→ Information provided
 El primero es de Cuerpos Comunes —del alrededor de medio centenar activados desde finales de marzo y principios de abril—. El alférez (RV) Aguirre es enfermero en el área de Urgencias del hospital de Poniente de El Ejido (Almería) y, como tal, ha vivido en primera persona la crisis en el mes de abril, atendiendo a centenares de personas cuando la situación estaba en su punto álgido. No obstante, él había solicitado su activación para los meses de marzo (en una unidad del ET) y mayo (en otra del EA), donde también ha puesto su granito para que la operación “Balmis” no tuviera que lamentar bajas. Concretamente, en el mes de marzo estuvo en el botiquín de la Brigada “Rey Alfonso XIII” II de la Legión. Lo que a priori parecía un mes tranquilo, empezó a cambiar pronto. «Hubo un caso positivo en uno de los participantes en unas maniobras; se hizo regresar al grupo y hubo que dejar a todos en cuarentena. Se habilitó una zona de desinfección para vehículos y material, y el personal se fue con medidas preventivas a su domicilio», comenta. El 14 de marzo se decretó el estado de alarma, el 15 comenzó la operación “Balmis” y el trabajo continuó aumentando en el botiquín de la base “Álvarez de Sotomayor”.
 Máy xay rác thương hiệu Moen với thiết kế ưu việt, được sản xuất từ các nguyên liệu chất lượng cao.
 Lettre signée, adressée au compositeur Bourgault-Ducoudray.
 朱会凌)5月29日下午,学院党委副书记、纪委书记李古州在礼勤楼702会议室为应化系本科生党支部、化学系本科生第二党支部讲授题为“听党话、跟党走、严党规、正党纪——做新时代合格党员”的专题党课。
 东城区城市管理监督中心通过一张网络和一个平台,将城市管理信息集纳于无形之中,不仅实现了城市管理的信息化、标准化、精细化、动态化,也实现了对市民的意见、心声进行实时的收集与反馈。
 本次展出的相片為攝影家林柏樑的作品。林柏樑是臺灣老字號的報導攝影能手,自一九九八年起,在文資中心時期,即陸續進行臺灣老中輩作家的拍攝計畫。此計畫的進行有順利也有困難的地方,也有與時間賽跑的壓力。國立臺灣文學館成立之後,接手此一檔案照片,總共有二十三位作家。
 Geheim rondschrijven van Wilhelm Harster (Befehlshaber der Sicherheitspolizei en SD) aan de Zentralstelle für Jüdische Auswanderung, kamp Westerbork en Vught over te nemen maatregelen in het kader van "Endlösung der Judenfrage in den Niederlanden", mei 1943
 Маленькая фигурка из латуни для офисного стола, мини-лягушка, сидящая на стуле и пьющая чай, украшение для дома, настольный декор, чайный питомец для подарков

* * *

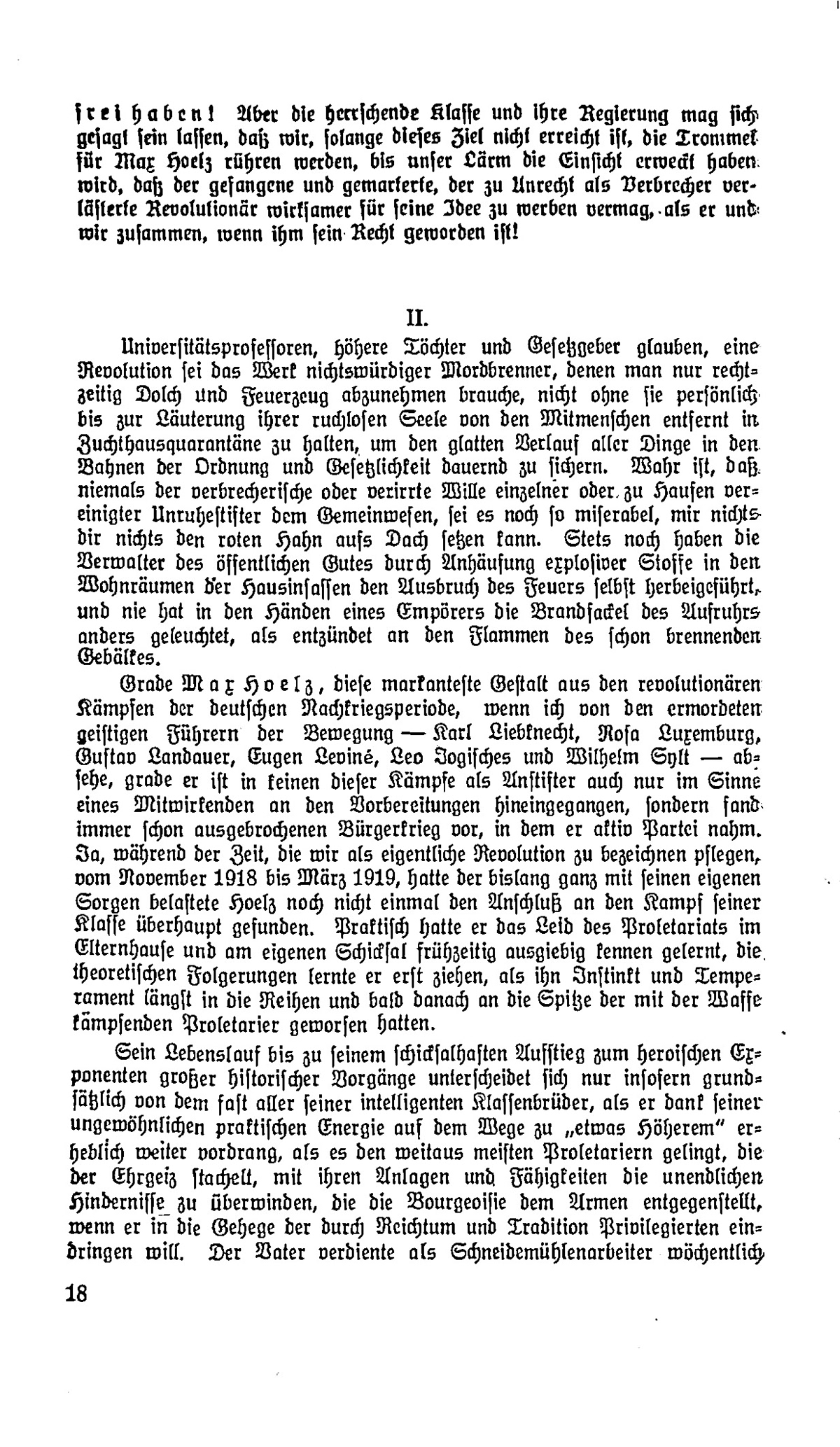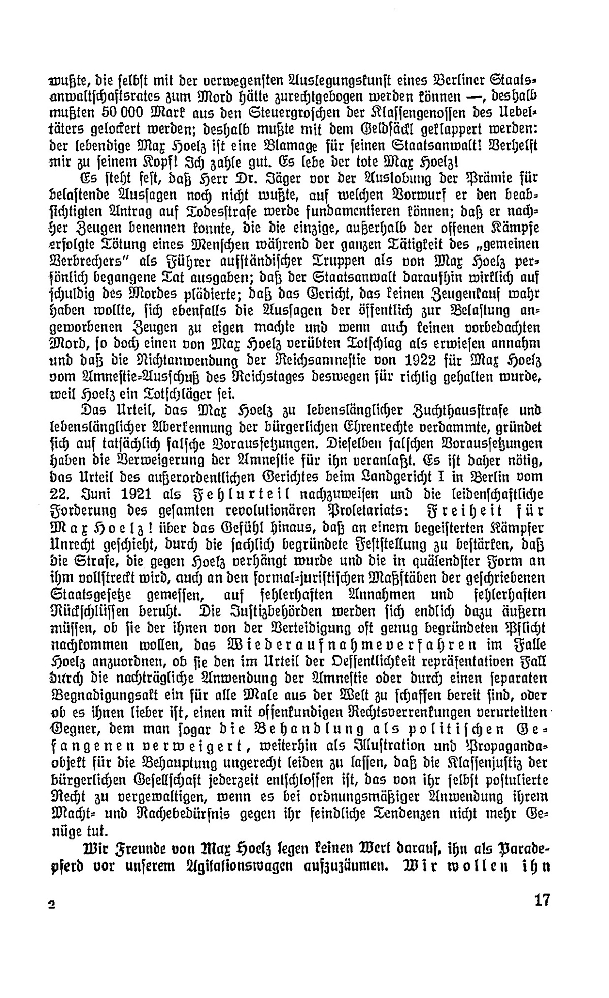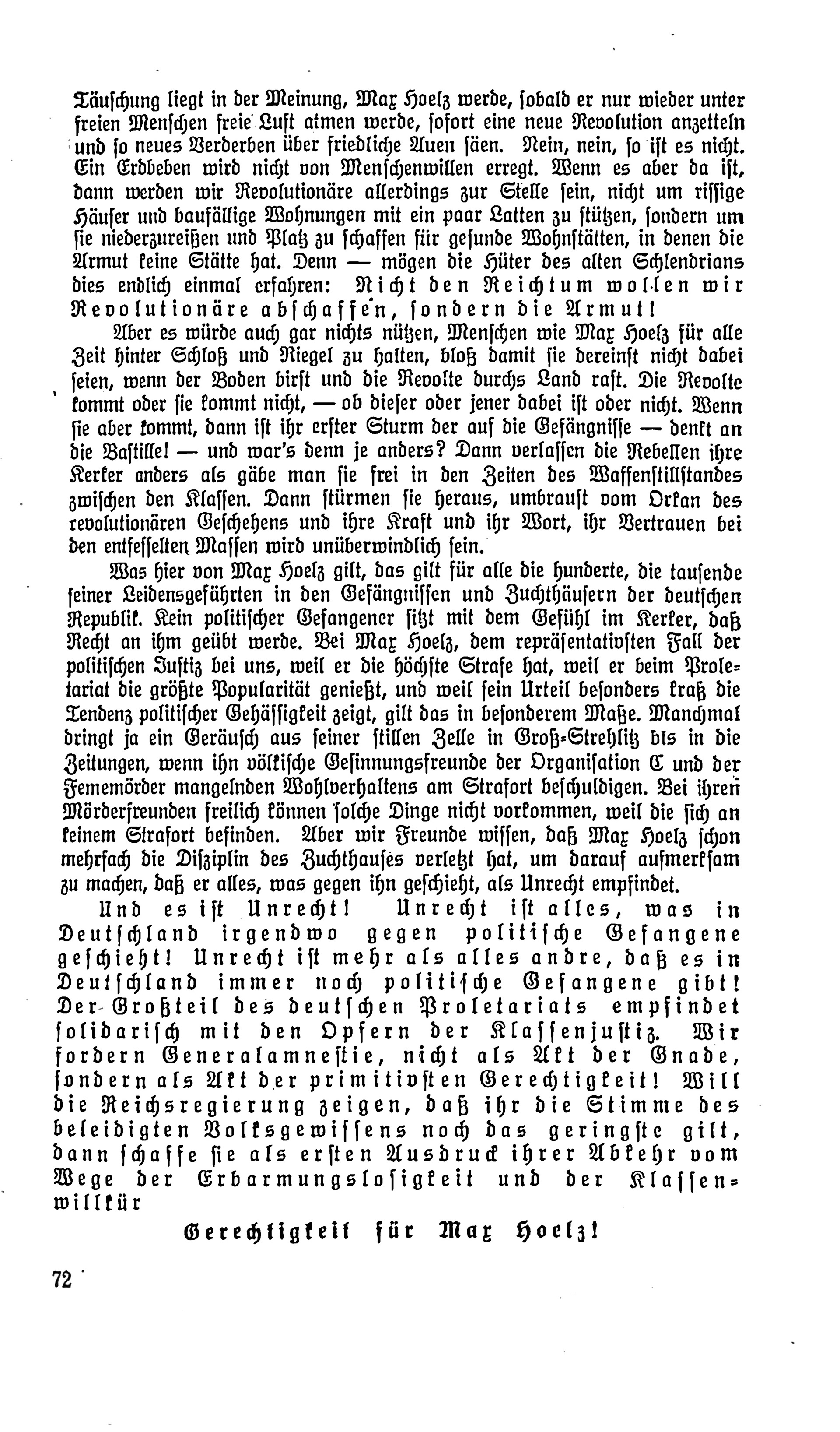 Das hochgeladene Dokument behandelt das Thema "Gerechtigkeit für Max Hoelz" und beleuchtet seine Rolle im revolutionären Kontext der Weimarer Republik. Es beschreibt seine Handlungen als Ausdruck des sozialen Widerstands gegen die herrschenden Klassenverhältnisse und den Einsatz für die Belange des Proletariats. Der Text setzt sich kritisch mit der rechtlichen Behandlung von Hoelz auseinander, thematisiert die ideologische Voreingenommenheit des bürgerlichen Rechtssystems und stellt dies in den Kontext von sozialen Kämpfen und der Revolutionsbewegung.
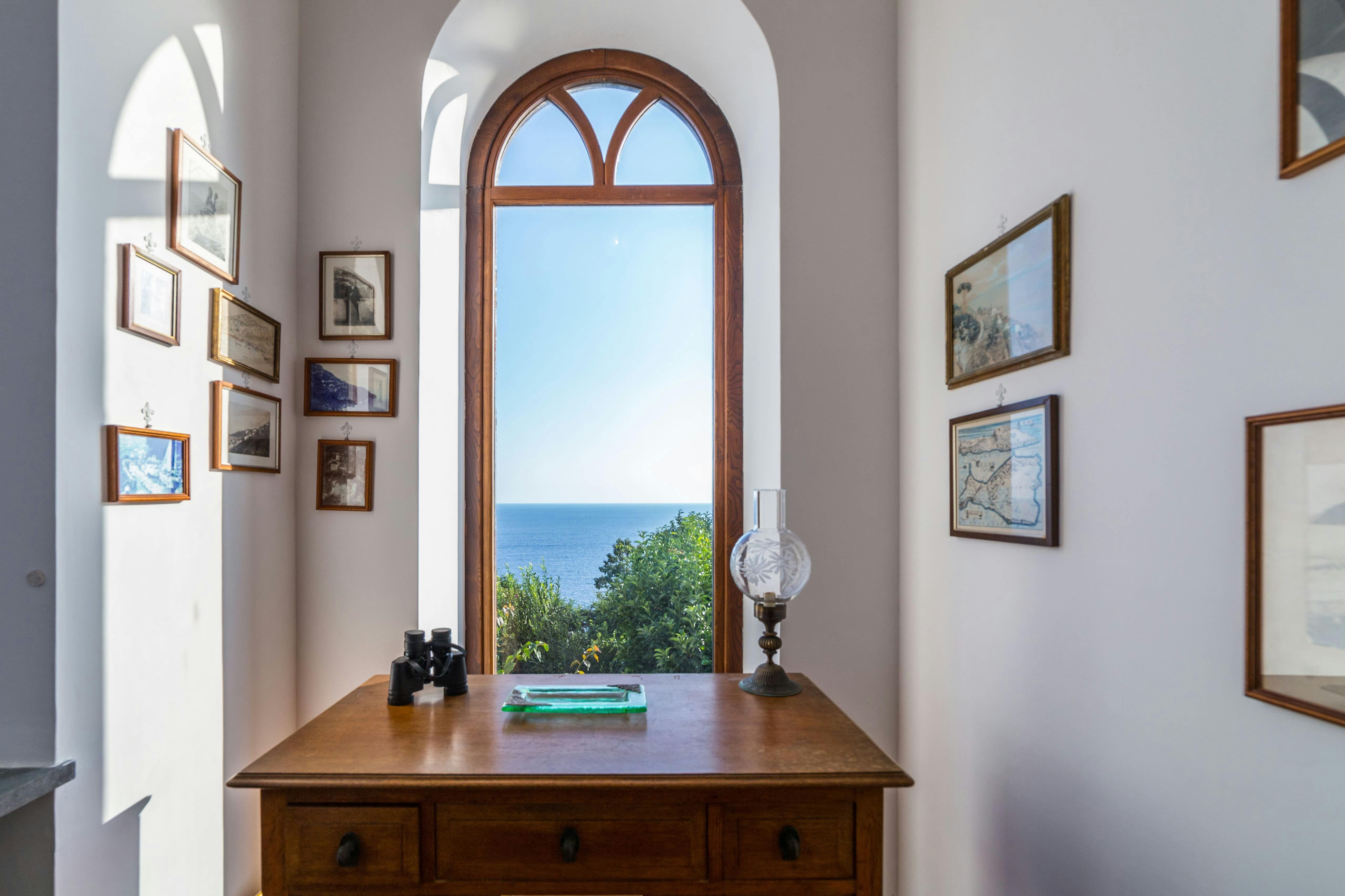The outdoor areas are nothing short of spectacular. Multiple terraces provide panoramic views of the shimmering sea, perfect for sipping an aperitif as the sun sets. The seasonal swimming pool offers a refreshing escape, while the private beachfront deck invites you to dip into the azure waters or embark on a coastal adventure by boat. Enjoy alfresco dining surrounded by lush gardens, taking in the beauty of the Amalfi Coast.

→ Task to complete
Look above for the line with "朱会凌)5月29日下午,学院"; retype exactly that line, every line after it up to the line with "Маленькая фигурка из", and that line too, nothing else.

→ Expected output
 朱会凌)5月29日下午,学院党委副书记、纪委书记李古州在礼勤楼702会议室为应化系本科生党支部、化学系本科生第二党支部讲授题为“听党话、跟党走、严党规、正党纪——做新时代合格党员”的专题党课。
 东城区城市管理监督中心通过一张网络和一个平台,将城市管理信息集纳于无形之中,不仅实现了城市管理的信息化、标准化、精细化、动态化,也实现了对市民的意见、心声进行实时的收集与反馈。
 本次展出的相片為攝影家林柏樑的作品。林柏樑是臺灣老字號的報導攝影能手,自一九九八年起,在文資中心時期,即陸續進行臺灣老中輩作家的拍攝計畫。此計畫的進行有順利也有困難的地方,也有與時間賽跑的壓力。國立臺灣文學館成立之後,接手此一檔案照片,總共有二十三位作家。
 Geheim rondschrijven van Wilhelm Harster (Befehlshaber der Sicherheitspolizei en SD) aan de Zentralstelle für Jüdische Auswanderung, kamp Westerbork en Vught over te nemen maatregelen in het kader van "Endlösung der Judenfrage in den Niederlanden", mei 1943
 Маленькая фигурка из латуни для офисного стола, мини-лягушка, сидящая на стуле и пьющая чай, украшение для дома, настольный декор, чайный питомец для подарков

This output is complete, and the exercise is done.